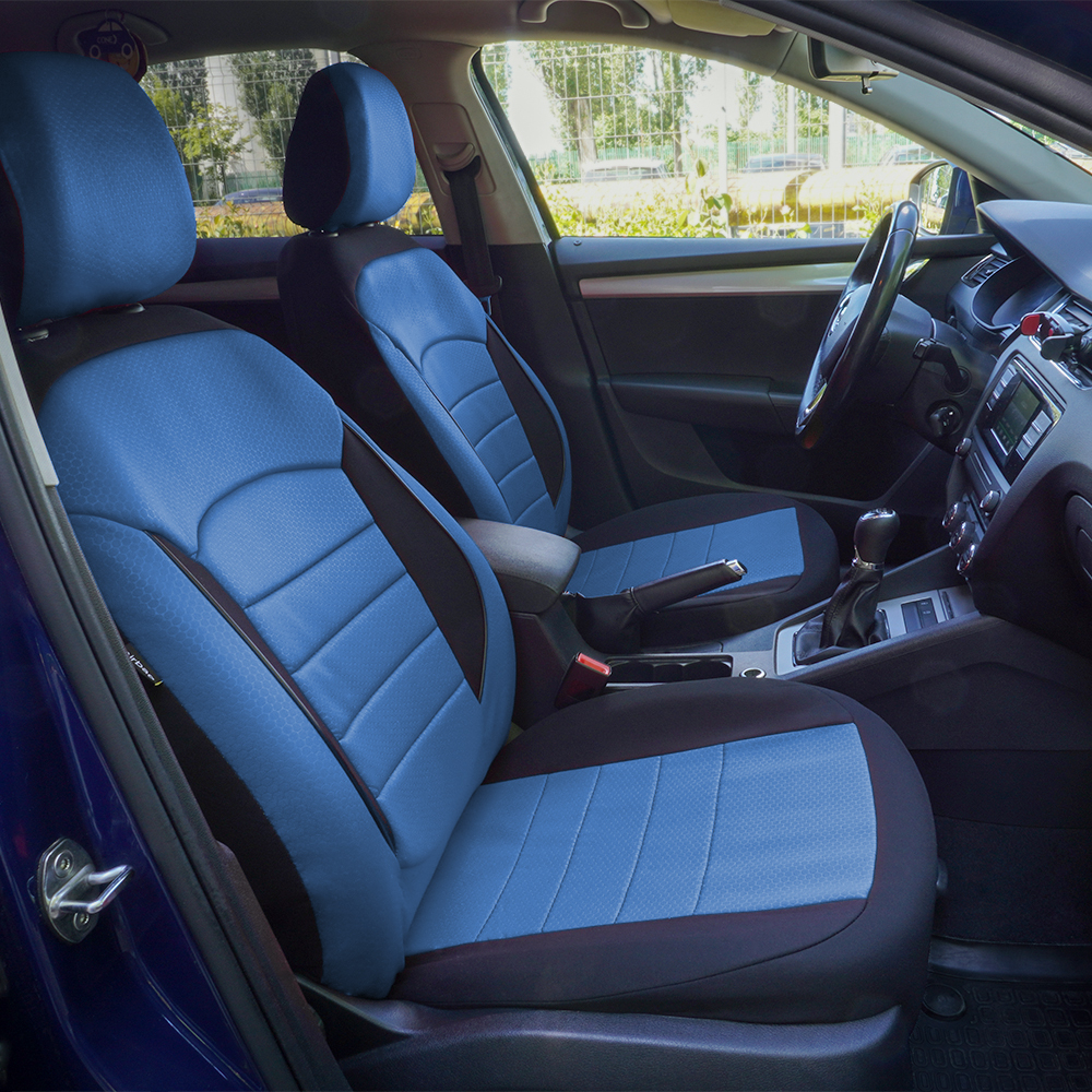 Huse din material textil dublu laminat similar cu tapiteriile originale, cu insertii de piele ecologica si ambele fete dublate cu burete (grosime 5mm)
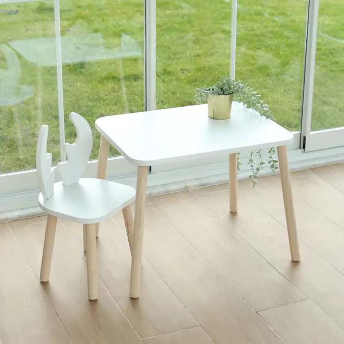 The White Deer 1 Table + 1 Chair (Deer Kids Montessori Study Table Chair)
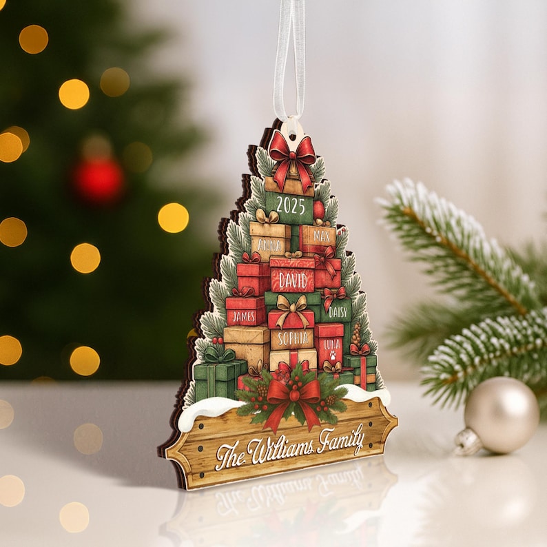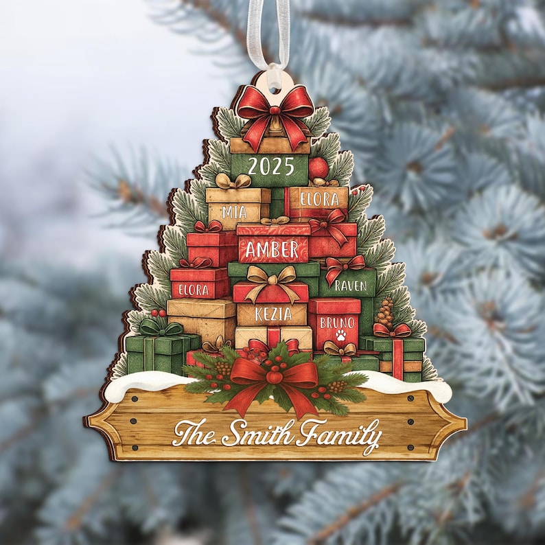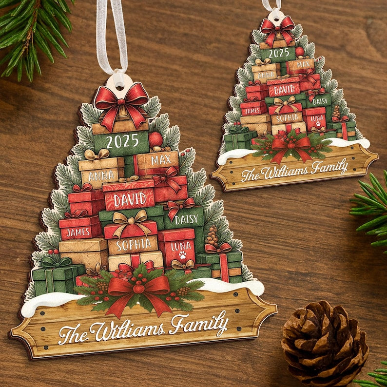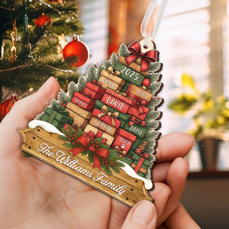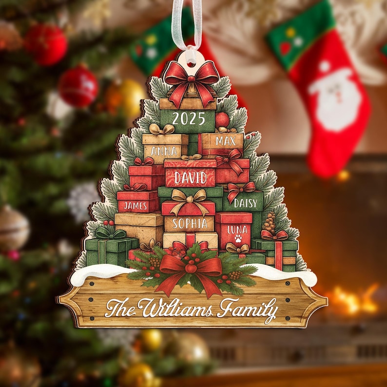 Family Christmas Ornament 2025, Personalized Stacked Gifts Family Ornament, Christmas Tree Family Name, Family Ornament, Xmas Family Gift
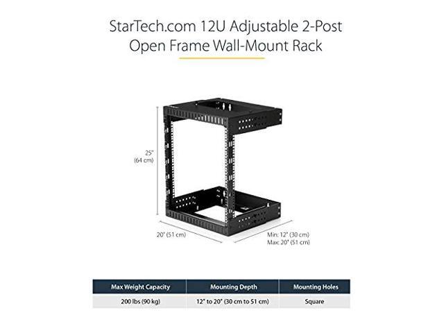 StarTech.com RACK-18U-20-WALL-OA 18U 19" Wall Mount Network Rack - Adjustable Depth 12-20" 2 Post Open Frame Server Room Rack for AV/Data/ IT Communication/Computer Equipment/Switch w/Cage Nuts & Screws
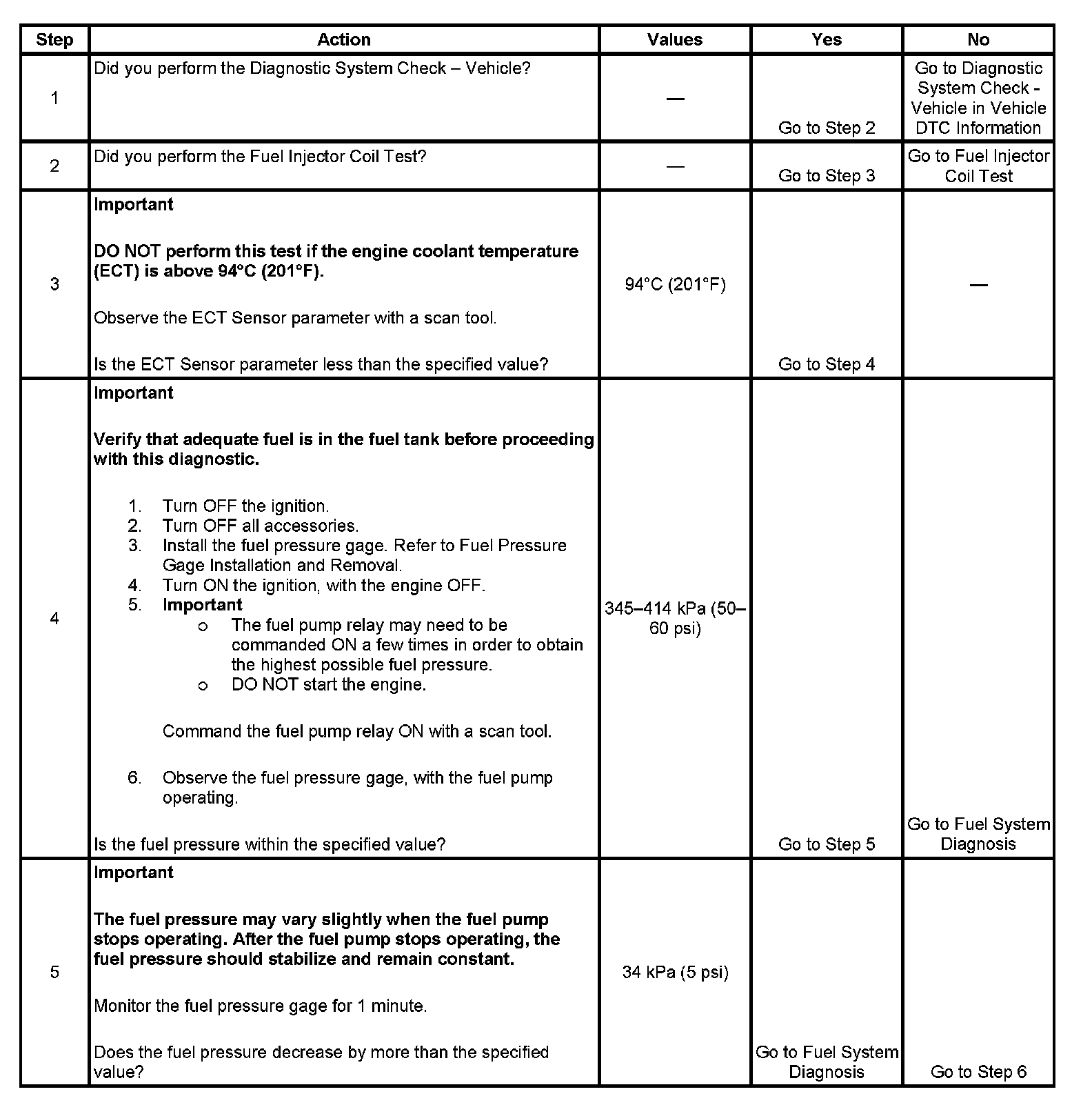3. The engine coolant temperature (ECT) must be below the operating temperature in order to avoid irregular fuel pressure readings due to hot soak fuel boiling.
□ □ □
#### PROBLEM TO WORK ON:
Retype each line of the listing above word for word. Exclude the pictures.

#### EXERCISE RESULT:
 Huse din material textil dublu laminat similar cu tapiteriile originale, cu insertii de piele ecologica si ambele fete dublate cu burete (grosime 5mm)
 The White Deer 1 Table + 1 Chair (Deer Kids Montessori Study Table Chair)
 Family Christmas Ornament 2025, Personalized Stacked Gifts Family Ornament, Christmas Tree Family Name, Family Ornament, Xmas Family Gift
 StarTech.com RACK-18U-20-WALL-OA 18U 19" Wall Mount Network Rack - Adjustable Depth 12-20" 2 Post Open Frame Server Room Rack for AV/Data/ IT Communication/Computer Equipment/Switch w/Cage Nuts & Screws
3. The engine coolant temperature (ECT) must be below the operating temperature in order to avoid irregular fuel pressure readings due to hot soak fuel boiling.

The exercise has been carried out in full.